Pants, socks, and footwear are new, but everything else has got to be secondhand for me. Fuck that fashion crap


----------



## WouldBe (Jan 11, 2022)

Badgers said:


> Will start us off with this good example...



What a fucking waste when there are thousands of people around the world that could make good use of them like refugees or victims of disasters that have lost everything. At the very least they could be shredded and recycled instead of just been dumped.


----------



## Reno (Jan 11, 2022)

WouldBe said:


> What a fucking waste when there are thousands of people around the world that could make good use of them like refugees or victims of disasters that have lost everything. At the very least they could be shredded and recycled instead of just been dumped.


 People donate plenty of clothes, I work at a centre for (amongst other things)  LGBTQ+ refugees and we get way more clothes than what we can cope with, much of it is of no use. Sending clothes to disaster zones actually creates a lot of extra work and can hinder relief efforts and then those places become dumping grounds for unwanted donations.

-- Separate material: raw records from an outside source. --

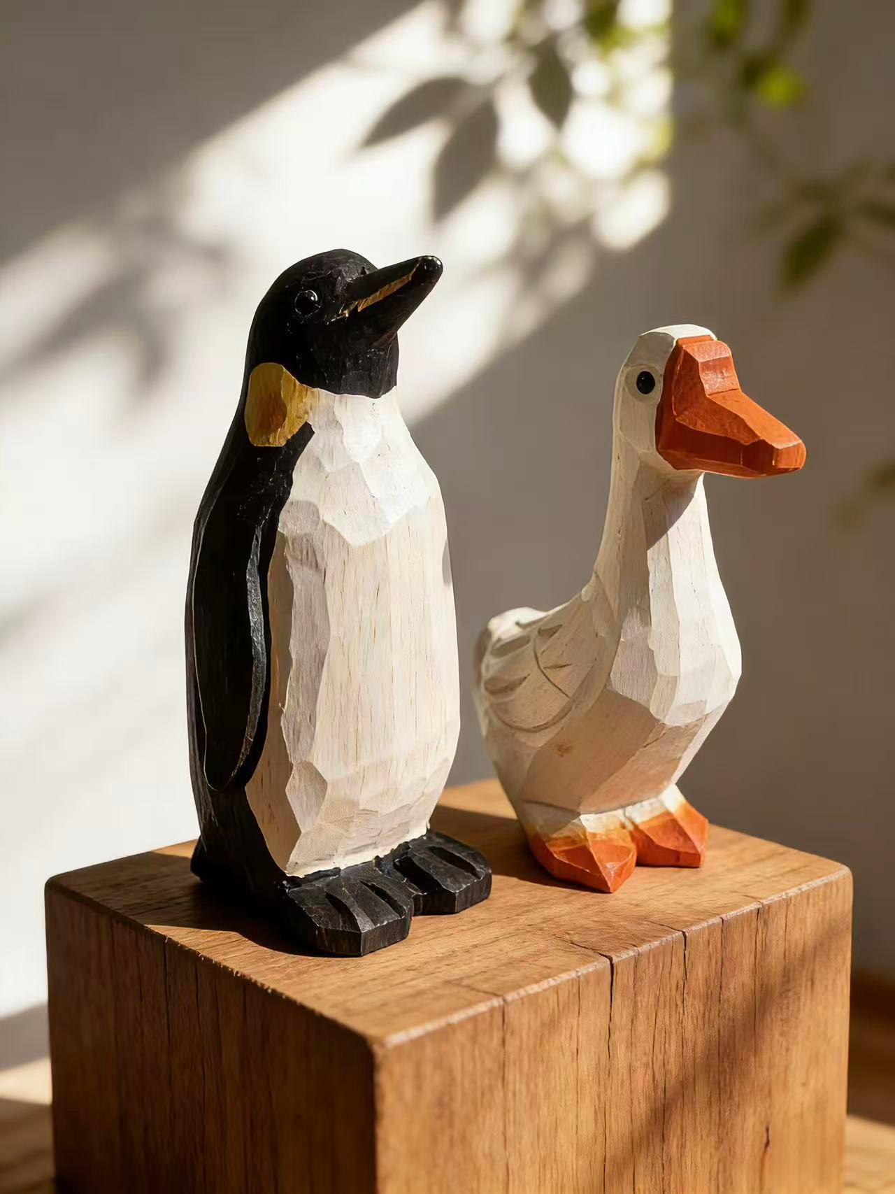Hand‑carved details and subtle shading give both figures a warm, organic texture. Together, they form an unexpectedly harmonious pair: one from icy seas, one from quiet ponds, yet perfectly balanced when placed side by side. Whether displayed as a duo or separated into different corners of a room, this penguin and duck set brings a sense of sweetness, contrast, and handcrafted warmth to any space
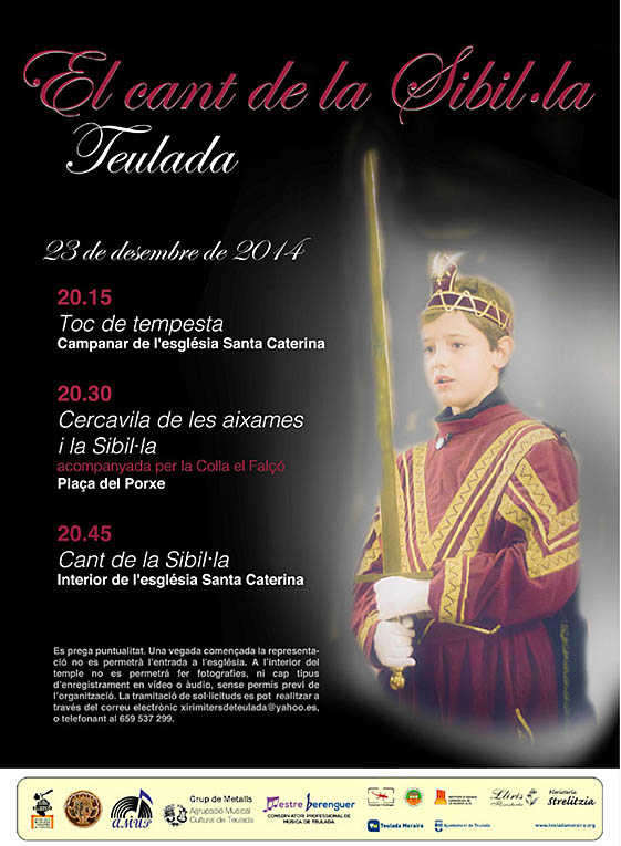 El Cant de la Sibil·la en l’ambient nadalenc es va fer popular a l’Edat Mitjana i se’n conserven molts manuscrits i diverses versions musicades. La versió que es canta a Teulada procedeix d’un breviari de 1533 de la Seu de València, amb l’adaptació musical de Bartomeu Càrceres conservada al Cançoner de Gandia, consta d’una tornada de dos versos, que canta el cor, i deu estrofes de quatre versos que canta la veu blanca que fa de sibil·la, entremig s’interpretaran diversos interludis musicals de compositors valencians del Renaixement i el Barroc.
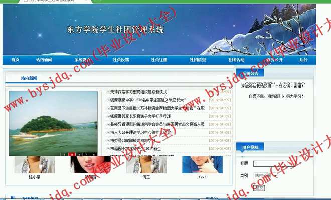 对于网站除了选取有优势的语言和开发工具外,还有如网络基础设施、实时动态网上东方学院学生社团管理、数据交互等诸多问题。虽然当今开发网站系统的开发工具很多,但是如何开发出一种同时具有耗费系统较少资源、具有较快的运行速度、较高的安全性、低成本的系统成了问题的关键。用JSP开发的网站系统无疑具有众多优点,因此本系统就是一个高性能的网站系统雏形,经过扩展和优化即可以用做网上东方学院学生社团管理用途,适合学校进行网上东方学院学生社团管理。
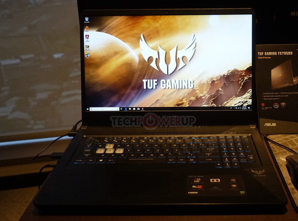 Continuando, finalmente llegamos al sistema de juego TUF del cual ASUS tenía la FX705DU y la FX505DU en pantalla. Ambas unidades cuentan con una CPU AMD Ryzen 7 3750H y hasta una GPU NVIDIA GeForce RTX 1660 Ti, lo que significa que es bastante similar al Zephyrus G GA502. Sin embargo, luce el apodo “TUF” lo que significa que pasó la prueba MIL-STD-810G. Cuando se trata de la pantalla, es un nivel NanoEdge IPS de 144 Hz que ofrece el 100% de la gama de colores sRGB. Cuando se trata del teclado, es RGB retroiluminado, como habrás adivinado.
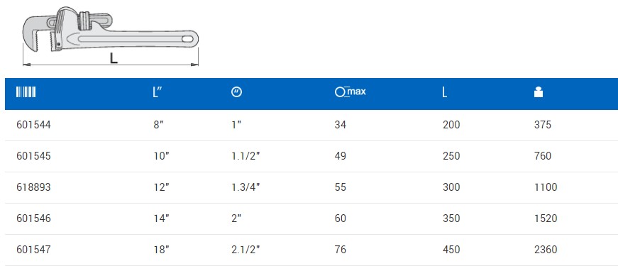 Σωληνοκάβουρας βαρέως τύπου, διάσταση 1"(8")

						Want to help after a disaster? Give cash, not clothing | Julia Brooks
					

Most of the stuff sent to disaster areas is inappropriate or useless. Get your wallet out instead so the professionals can buy what they need




					www.theguardian.com


----------



## Duncan2 (Jan 11, 2022)

Yeah-not much profit to be squeezed out of recycling clothes so its unlikely to happen despite all this Close the Loop spiel.


----------



## 8ball (Jan 11, 2022)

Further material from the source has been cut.